Ignatios 6

Prosopography of the Byzantine Empire
SexM
FloruitM IX
Dates844 (taq) / 846 (tpq)
PmbZ No.2669
ReligionChristian;
Iconophile
LocationsNikomedeia;
Nikomedeia (officeplace)
OccupationBishop
TitlesBishop, Nikomedeia (Bithynia) (office)
Textual SourcesIgnatios of Nicaea, Epistulae, in C. Mango, The Correspondence of Ignatios the Deacon, Dumbarton Oaks Texts 11 (Washington, DC, 1997) (letters);
Vita Ioannicii, by Petrus the monk (BHG 936), AASS November II 1, pp. 384-435 (hagiography);
Vita Retractata Petri Atroensis, by Sabas the monk (BHG 2365), ed. V. Laurent, La Vita retractata et les miracles posthumes de Saint Pierre d'Atroa, Subsidia Hagiographica 31 (Brussels, 1958) (hagiography)
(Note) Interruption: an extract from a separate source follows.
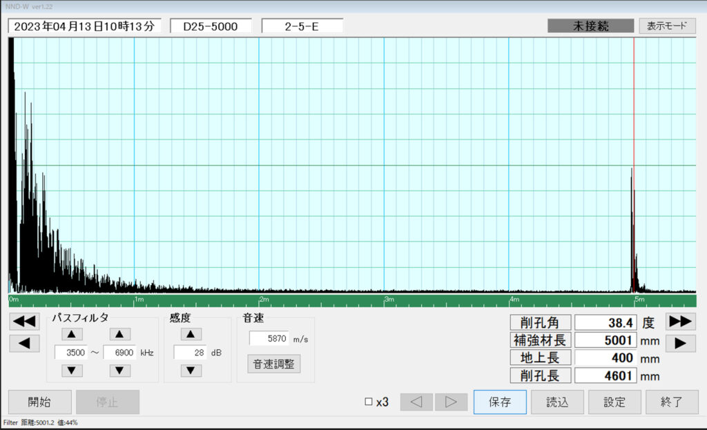 NND起動した後、弾性波を送受信させ反射エコーが確認・明瞭化しされたらデータの保存をおこないます。

Ignatios 6 was metropolitan bishop of Nikomedeia; in 844 he and the patriarch of Constantinople Methodios 1 summoned the head of the monastery of St Zacharias at Atroa, Paulos 26, to present himself at Constantinople to be ordained as bishop: Vita Petr. Atr. 103 (Vita Petr. Atr. Retractata, pp. 153-155) (the date was July and August 844). Metropolitan bishop of Nikomedeia; he was the addressee of a letter from Ignatius the Deacon (Ignatios 9), in support of a monk from the same monastery as Ignatios 9 who was eager to obtain a bishopric (Anonymus 753); he is addressed as ὦ ἱερώτατε πάτερ; Ignatios 9 alludes to τῆς ἀλαθήτου ὑμῶν καὶ διορατικῆς ... τελειότητος and τὴν ἱερὰν ὑμῶν ... πατρότητα: Ignatius Diac., Ep. 49 (addressed Ἰγνατίῳ μητροπολίτῃ Νικομηδείας). On his dates and identity, see Mango, Ignatios, p. 158. Ignatios 9's letter was written between 843 and 846.

He is perhaps to be identified with the unnamed and apparently expelled bishop of Nikomedeia included in a list of persons who were exiled as false accusers, whom St Ioannikios (Ioannikios 2) advised the patriarch Methodios 1, during a meeting in 846, to avoid completely (cf. also Athanasios 8, Naukratios 1, Ioannes 240 and Anonymus 565): Petrus, Vita Ioannicii 70 (καὶ τῆς Νικομηδείας ἐπισκοπῆς ἐκπεπτωκότος τοῦ μονομάχου ἤτοι θεομάχου; the significance of the epithets is unclear; μονομάχος is taken to be a personal name by Mango, Ignatios, p. 158). He was apparently regarded as an associate of the Stoudite monks, who were to blame for divisions in the Church during the patriarchate of Methodios 1 and for making false accusations against him. A recent bishop of Nikomedeia, Theophylaktos 37, had spent many years expelled from his see, as an iconophile, but he appears to have died in 845, without ever returning to Nikomedeia. Possibly Ignatios 6 was one of the false accusers exiled and perhaps anathematised, apparently in 845 or 846.